To find the molar solubility of Mg(OH)2 in the presence of NH3, we need to determine the concentrations of Mg2+ and OH- ions in the solution.

First, let's write the balanced equation for the dissociation of Mg(OH)2:
Mg(OH)2 (s) ⇌ Mg2+ (aq) + 2OH- (aq)

The solubility product constant (Ksp) expression for the equilibrium is:
Ksp = [Mg2+][OH-]^2

Given that the Ksp value is 1.2x10^-11, we can set up the following equation:
(1.2x10^-11) = [Mg2+][OH-]^2

Since the concentration of OH- ions is twice the concentration of Mg2+ ions, we can represent it as 2x:
(1.2x10^-11) = [Mg2+](2x)^2
(1.2x10^-11) = 4x^3

Solving for x, we get x ≈ 3.08x10^-4.

This value represents the concentration of OH- ions (and Mg2+ ions) in pure water. However, in the presence of NH3, the NH3 will react with OH- to form NH4+ and water according to the equation: OH- + NH3 ⇌ NH4OH

To consider this reaction, we need to use the Kb value of NH3, which is 1.8x10^-5. Kb is the base dissociation constant and represents the equilibrium constant for the reaction: NH4OH ⇌ NH4+ + OH-

Using the Kb expression, we have:
Kb = [NH4+][OH-]/[NH4OH]

Given that we want to find the concentration of OH-, which we'll denote as [OH-]eq (equilibrium concentration), we can rearrange the equation to isolate [OH-]:
[OH-]eq = (Kb × [NH4OH])/[NH4+]

Now, in this case, we have an excess of NH4OH due to the presence of NH3. NH4OH is weak and will only partially dissociate, so we can roughly assume that the equilibrium concentration of NH4OH will be equal to the initial concentration since it is already small.

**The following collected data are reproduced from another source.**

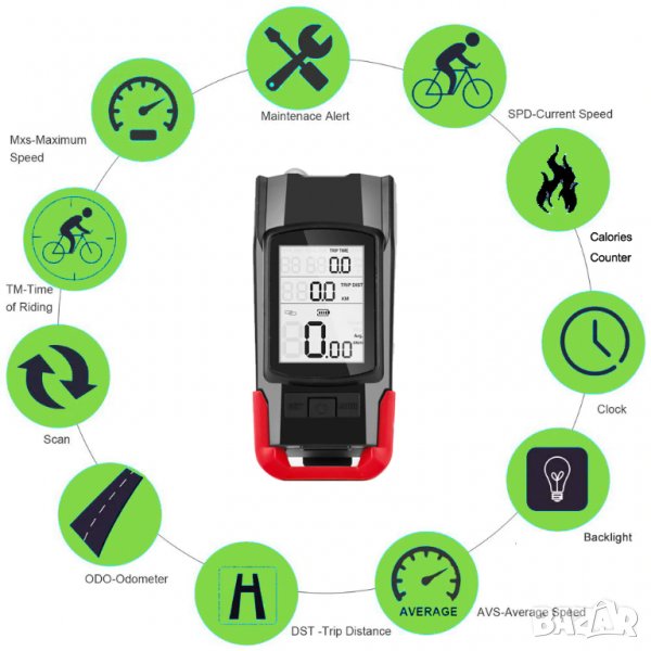 3в1 USB презареждаем фар за колело, акумулаторен, компютър, клаксон километраж светлини за велосипед
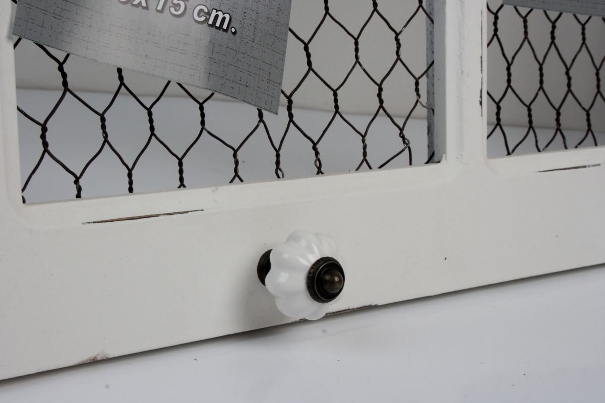 Rám pripomínajúce staré okno má v spodnej časti drôtený výplet s štipce na pripevnenie fotiek. Horná časť je presklená a fotografie sa do týchto častí vkladajú ako do klasického fotorámika.
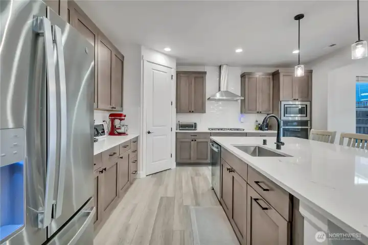 Beautiful resale by Richmond American Homes featuring the sought-after Yorktown plan in Glacier Pointe at Tehaleh! This impressive 5-bed home offers 3,146 sq ft with 3 full baths & one ¾ bath, thoughtfully designed for comfort & flexibility. Ideal for multigenerational living, the main floor includes a bedroom with ¾ bath located just across the hall. Expansive great room with cozy gas fireplace flows seamlessly into the gourmet kitchen, showcasing stainless steel appliances, enormous center island, walk-in pantry & adjacent dining area—perfect for entertaining. An abundance of windows fills the home with natural light. Upstairs you’ll find an immense loft surrounded by 3 bedrooms, including one with its own private full bath. Enjoy beautiful front-facing Mt. Rainier views from two of the bedrooms and the backyard. The spacious laundry features abundant cabinetry & beverage fridge! The luxurious primary suite offers private bath complete with soaking tub & walk-in closet. Enjoy tons of storage with several large closets & thoughtfully designed spaces to keep everything organized. This home is also wired for a generator, features an electric car charging station, central AC, and sprinklers. Step outside to year-round outdoor living on the large covered patio overlooking the fully fenced backyard. Situated on a spacious corner lot with 3-car garage, this home delivers space, functionality, and an exceptional lifestyle in one of the area’s most desirable communities.

Using the initial concentration of NH4OH as [NH4OH] = 0.10 M, and assuming [NH4+] is negligible, we can calculate the equilibrium concentration of OH-:
[OH-]eq ≈ (1.8x10^-5 × 0.10)/(0.10) = 1.8x10^-5

This means that the concentration of OH- in the presence of NH3 is approximately 1.8x10^-5 M.

Therefore, the molar solubility of Mg(OH)2 in the presence of 0.10 M NH3 is approximately 3.08x10^-4 M, and the equilibrium concentration of OH- is approximately 1.8x10^-5 M.